PPAs are typically subject to regulation at the state and federal level to varying degrees depending on the nature of the PPA and the extent to which the sale of electricity is regulated where the project is sited. In the U.S., FERC determines which facilities are considered to be exempt wholesale generators (EWG) or qualifying facilities and are applicable for PPAs under the Energy Policy Act of 2005.

PPAs are more prevalent in the United States. However, in recent years, this type of financing has gained pace in the European Union, where it has been utilized to fund about 9 GW of output, headed by significant contracts in Spain and Scandinavia.

== Use ==
Power purchase agreements (PPAs) may be appropriate where:
- the projected revenue of the project is uncertain and so some guarantees as to quantities purchased and price paid are required to make the project financially viable;
- protection from cheaper or subsidized domestic or international competition (e.g., where a neighboring power plant is producing cheaper power) is desired;
- there is one, or there are, a few major customers that will be taking the bulk of the product. For example, where a government may be purchasing the power generated by a power plant, the government will want to understand how much it will be paying for its power and that it has the first call on that power, and the project company will want certainty of revenue;
- the purchaser wishes to secure security of supply;
- with solar power projects in non-profit companies in order to reduce costs for installation of the solar energy system.

== Financing ==
The PPA is often regarded as the central document in the development of independent electricity generating assets (power plants). Because it defines the revenue terms for the project and credit quality, it is key to obtaining non-recourse project financing.

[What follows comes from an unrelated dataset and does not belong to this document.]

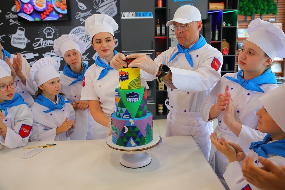 Генеральная репетиция приготовления кондитерского чуда прошла в студии столовой комплекса "Горный". Ребят одели в поварские кители, колпаки, голубые галстуки и разделились на команды. Одни готовили шоколадный бисквит, другие - ванильный. Все участники, включая шеф-кондитера, показали высокий класс умения обращаться с блендерами и другим кондитерским оборудованием, а также знание секретов высокой кухни. В итоге десятикилограммовый торт получилось приготовить за полтора часа.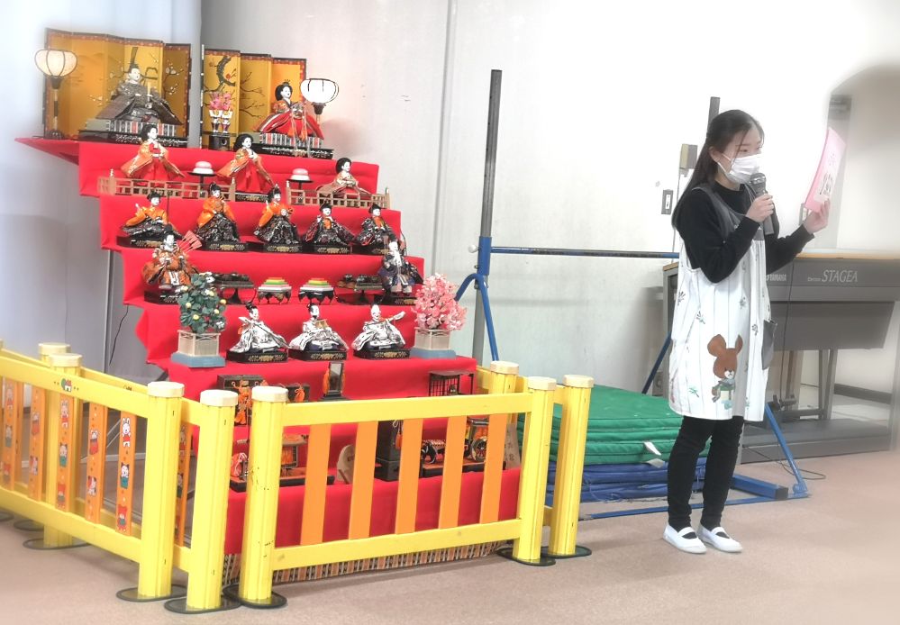 幼稚園に飾られた雛人形を前に、女の子の行事とされる「ひな祭り」はどんなことをおこなう行事なのか由来や意味を先生から教えてもらいました。

One of the key benefits of the PPA is that by clearly defining the output of the generating assets (such as a solar electric system) and the credit of its associated revenue streams, a PPA can be used by the PPA provider to raise non-recourse financing from a bank or other financing counterparty.

Funding for PPAs comes from various sources depending on the location of the project, the companies involved and available sources. Non-profit and for-profit PPA funders operate, for example, in Australia: PPA pioneers Smart Commercial Energy fund their commercial PPAs largely via the not-for-profit community investment vehicle, Clear Skies Solar Investment.

== Operation and metering ==
Maintenance and operation of a generation project is the responsibility of the seller. This includes regular inspection and repair, if necessary, to ensure prudent practices. Liquidated damages will be applied if the seller fails to meet these circumstances. Typically, the seller is also responsible for installing and maintaining a meter to determine the quantity of output that will be sold. Under this circumstance, the seller must also provide real-time data at the request of the buyer, including atmospheric data relevant to the type of technology installed.

== Example contracts ==
A basic sample PPA between the Bonneville Power Administration and a wind power generating entity was developed as a reference for future PPAs.
Solar PPAs are now being successfully utilized in the California Solar Initiative's Multifamily Affordable Solar Housing (MASH) program.
This aspect of the successful CSI program was just recently opened for applications.

PPAs can be managed in the European market by service providers, including tendering platforms such as Renewabl Trade that run competitive procurement processes for corporate buyers at contract intervals from annual to hourly. The legal agreements between the statewide power sectors (seller) and the trader (buyer/who buys large quantity of power) will be treated as the PPA in power sector.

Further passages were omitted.